• **Information provided**
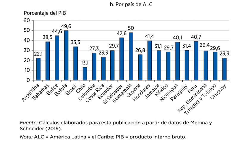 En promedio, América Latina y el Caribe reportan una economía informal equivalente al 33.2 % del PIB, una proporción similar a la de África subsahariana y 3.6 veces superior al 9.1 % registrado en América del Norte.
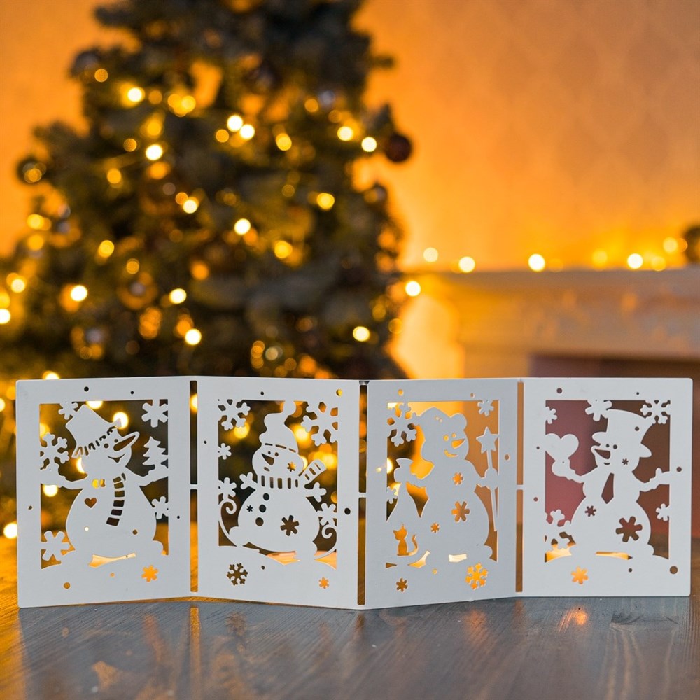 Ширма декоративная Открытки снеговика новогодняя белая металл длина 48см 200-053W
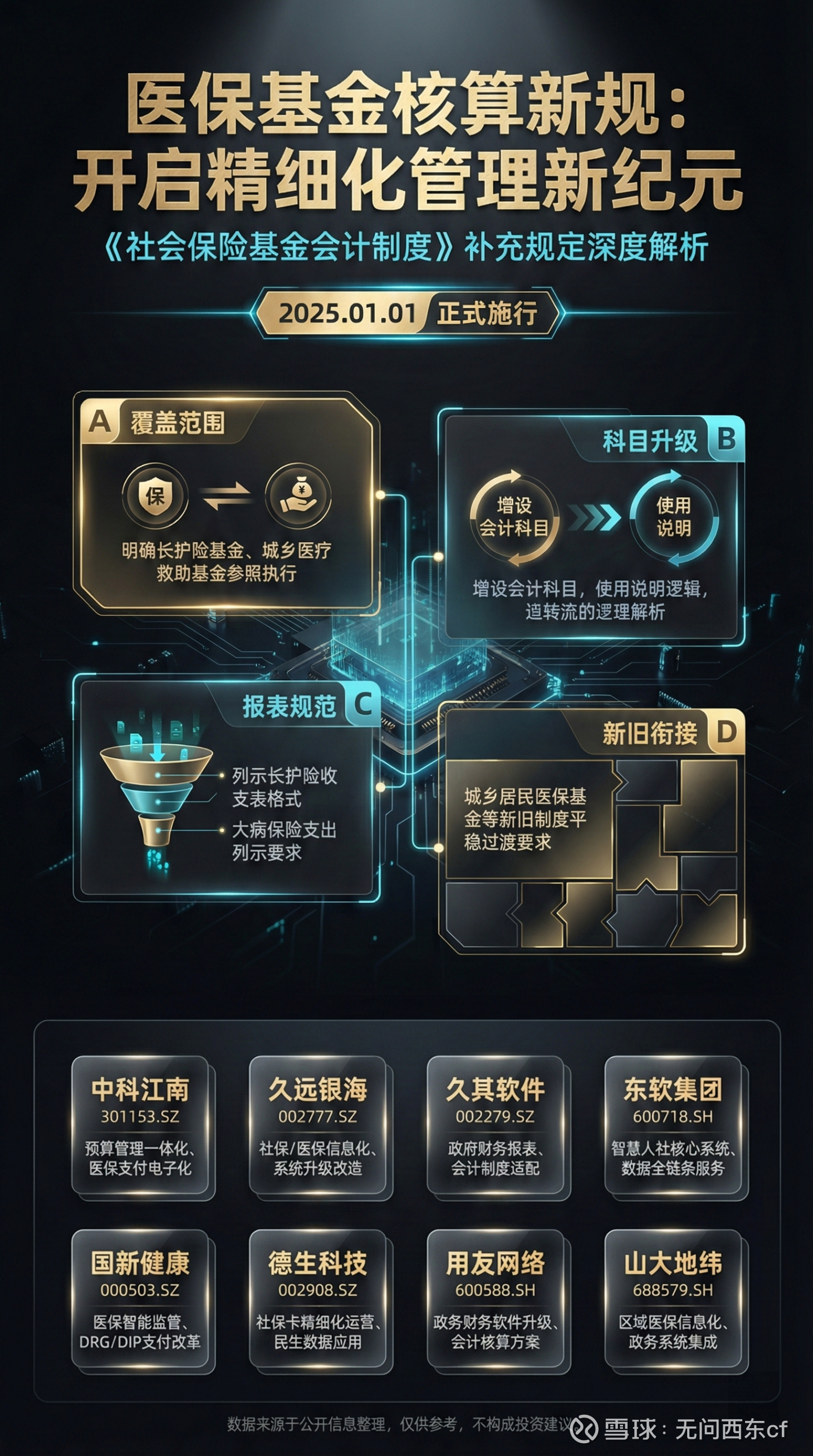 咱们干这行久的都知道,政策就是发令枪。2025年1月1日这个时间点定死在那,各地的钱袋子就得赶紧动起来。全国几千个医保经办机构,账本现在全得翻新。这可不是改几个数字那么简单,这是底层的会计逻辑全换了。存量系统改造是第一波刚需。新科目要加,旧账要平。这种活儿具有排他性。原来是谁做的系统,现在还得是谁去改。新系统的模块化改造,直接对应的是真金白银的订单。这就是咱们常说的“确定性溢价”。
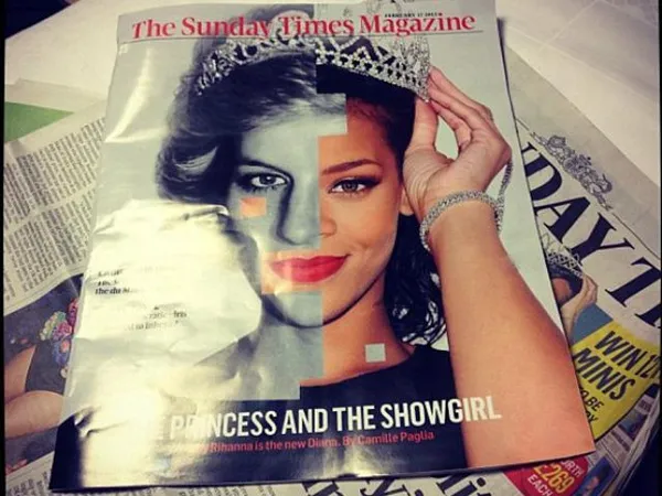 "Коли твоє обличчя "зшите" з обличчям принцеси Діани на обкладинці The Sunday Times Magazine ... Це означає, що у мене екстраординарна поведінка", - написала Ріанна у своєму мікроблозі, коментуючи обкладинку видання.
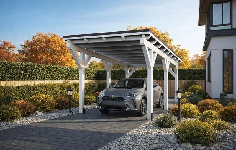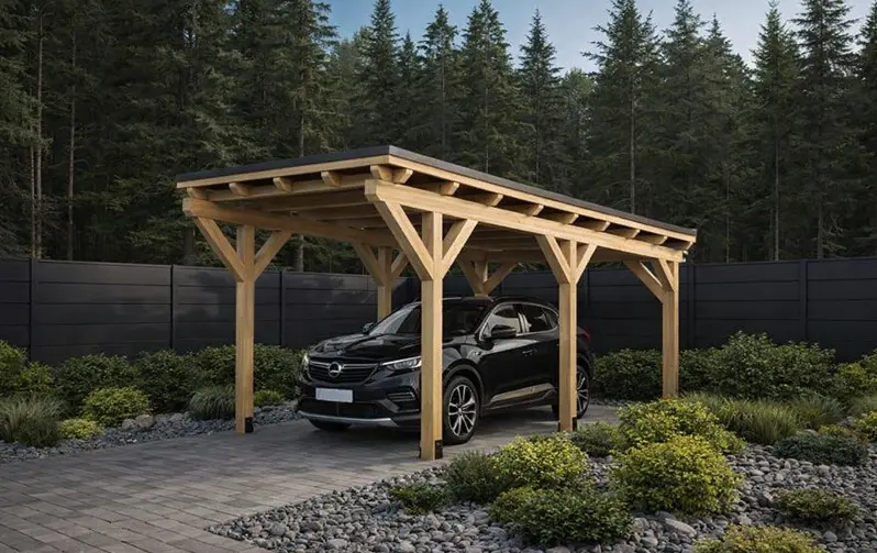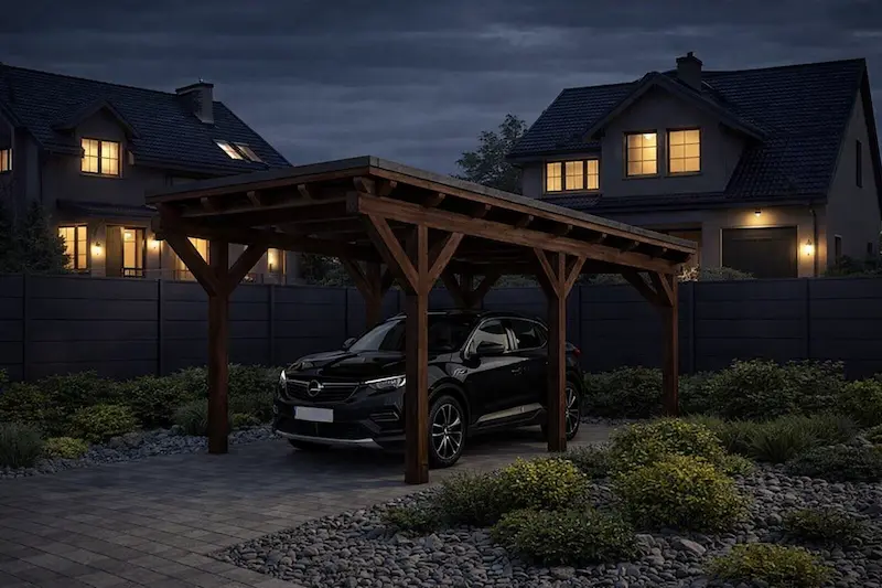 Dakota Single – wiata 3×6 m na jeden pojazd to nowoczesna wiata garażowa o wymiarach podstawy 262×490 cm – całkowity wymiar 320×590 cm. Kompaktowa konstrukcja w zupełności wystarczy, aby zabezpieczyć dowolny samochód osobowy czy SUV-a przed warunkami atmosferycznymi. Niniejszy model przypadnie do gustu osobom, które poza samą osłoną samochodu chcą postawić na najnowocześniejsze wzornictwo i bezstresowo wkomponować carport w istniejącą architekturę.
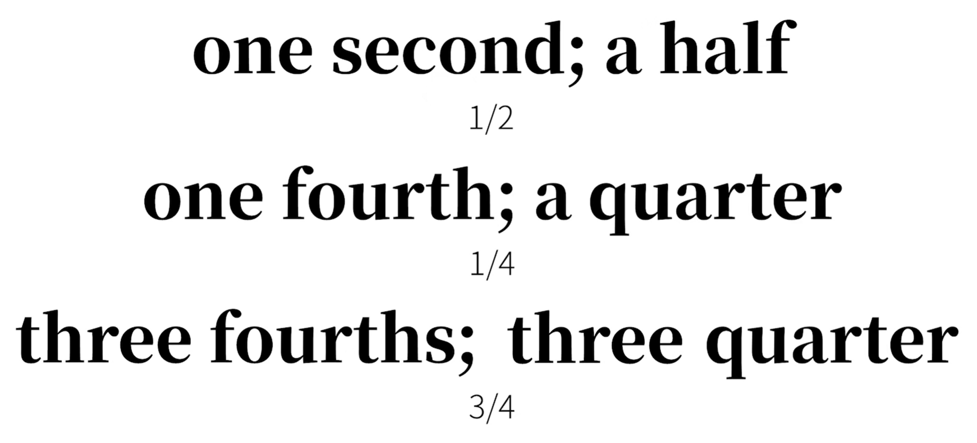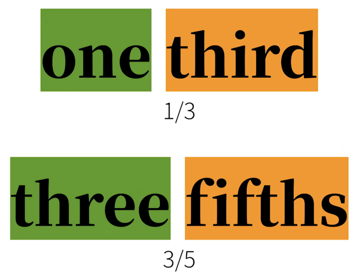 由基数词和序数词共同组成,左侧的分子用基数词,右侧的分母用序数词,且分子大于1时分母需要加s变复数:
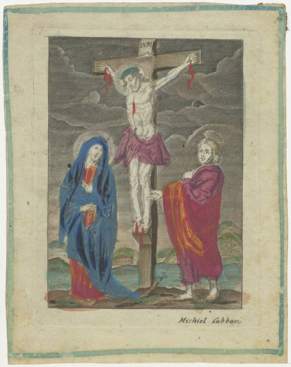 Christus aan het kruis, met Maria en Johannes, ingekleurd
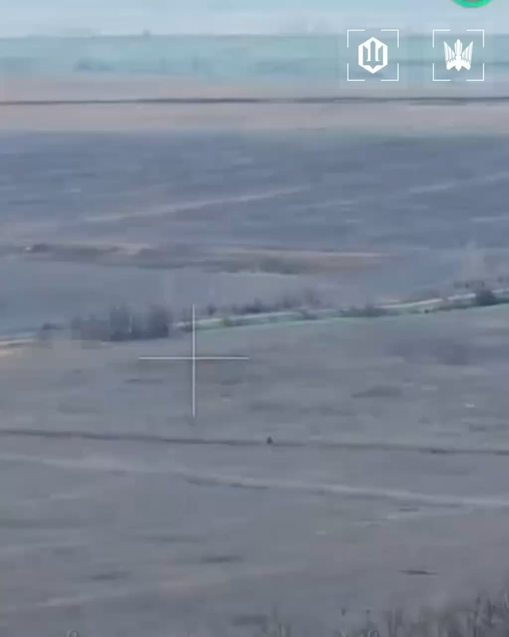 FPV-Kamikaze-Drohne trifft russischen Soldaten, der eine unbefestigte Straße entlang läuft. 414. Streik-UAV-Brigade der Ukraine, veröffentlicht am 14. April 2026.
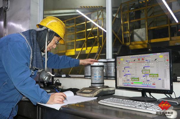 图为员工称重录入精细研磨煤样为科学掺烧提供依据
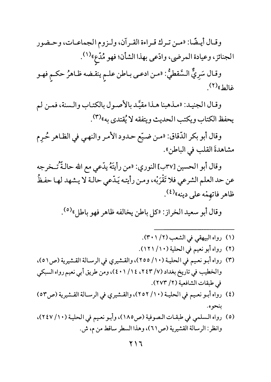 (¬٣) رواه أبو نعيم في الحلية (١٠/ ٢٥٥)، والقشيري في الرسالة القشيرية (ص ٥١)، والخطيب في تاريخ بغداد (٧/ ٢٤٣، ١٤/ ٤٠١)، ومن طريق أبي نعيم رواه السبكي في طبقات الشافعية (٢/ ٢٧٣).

• **Exercise**
Set down the line containing "коментуючи обкладинку видання.", then every later line through the end of the material, exactly as written; omit any picture.

• **Exercise solution**
 "Коли твоє обличчя "зшите" з обличчям принцеси Діани на обкладинці The Sunday Times Magazine ... Це означає, що у мене екстраординарна поведінка", - написала Ріанна у своєму мікроблозі, коментуючи обкладинку видання.
 Dakota Single – wiata 3×6 m na jeden pojazd to nowoczesna wiata garażowa o wymiarach podstawy 262×490 cm – całkowity wymiar 320×590 cm. Kompaktowa konstrukcja w zupełności wystarczy, aby zabezpieczyć dowolny samochód osobowy czy SUV-a przed warunkami atmosferycznymi. Niniejszy model przypadnie do gustu osobom, które poza samą osłoną samochodu chcą postawić na najnowocześniejsze wzornictwo i bezstresowo wkomponować carport w istniejącą architekturę.
 由基数词和序数词共同组成,左侧的分子用基数词,右侧的分母用序数词,且分子大于1时分母需要加s变复数:
 Christus aan het kruis, met Maria en Johannes, ingekleurd
 FPV-Kamikaze-Drohne trifft russischen Soldaten, der eine unbefestigte Straße entlang läuft. 414. Streik-UAV-Brigade der Ukraine, veröffentlicht am 14. April 2026.
 图为员工称重录入精细研磨煤样为科学掺烧提供依据
 (¬٣) رواه أبو نعيم في الحلية (١٠/ ٢٥٥)، والقشيري في الرسالة القشيرية (ص ٥١)، والخطيب في تاريخ بغداد (٧/ ٢٤٣، ١٤/ ٤٠١)، ومن طريق أبي نعيم رواه السبكي في طبقات الشافعية (٢/ ٢٧٣).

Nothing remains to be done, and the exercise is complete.